Вдруг "тройка" "зиро" резко взмыла вверх, и, перед тем как стать на курс, сбросила в море, далеко от корабля, свой смертоносный груз. Неожиданно среди океанской глади вырос целый лес серебряных разрывов, а когда они опали, горизонт был уже чист от вражеских самолетов.
— Отбой, — с облегчением сказал Пара в микрофон и, обращаясь к лейтенанту, который еще продолжал стоять у рации, добавил уставшим голосом: — Я перед вами в долгу, лейтенант Акито. Что вы им сказали?
— Что война кончилась, — с улыбкой на утомленном от напряжения лице ответил Асуки.
— Вы родом откуда?
— Из Хиросимы.
— Есть родители, семья?
— Только жена и дом.
Капитан Пара помолчал немного.
— Сейчас вас проводят в каюту, лейтенант, где вас еще раз осмотрит врач, потом накормят, и вы можете отдыхать.
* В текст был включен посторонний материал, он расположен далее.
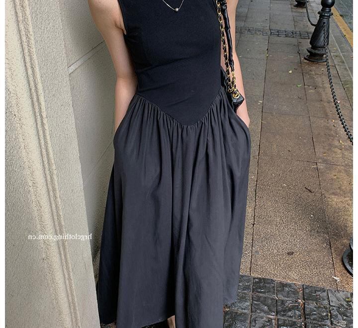 シックで独特なニッチなデザインの黒のロングスカートは細くて背が高く、夏の高級感があり、ロイヤルシスター、軽やかで馴染みのあるノースリーブのワンピースの女性です。 ブラック サマー 夏物 yingd36310537247

Еще раз большое спасибо. Я вам обязан.
— Не стоит благодарности, — тихо ответил Асуки. — Мне не хотелось умирать. Они бы непременно потопили корабль.
В его тихом голосе было столько уверенности, что Пара не стал возражать.
Когда японец вышел из рубки в сопровождении посыльного матроса, капитан подумал, сглатывая неприятную горечь: "Должен я тебе много больше, лейтенант, много больше, чем ты себе можешь представить. У тебя уже нет ни жены, ни дома, и мне никогда на самом деле не вернуть тебе их".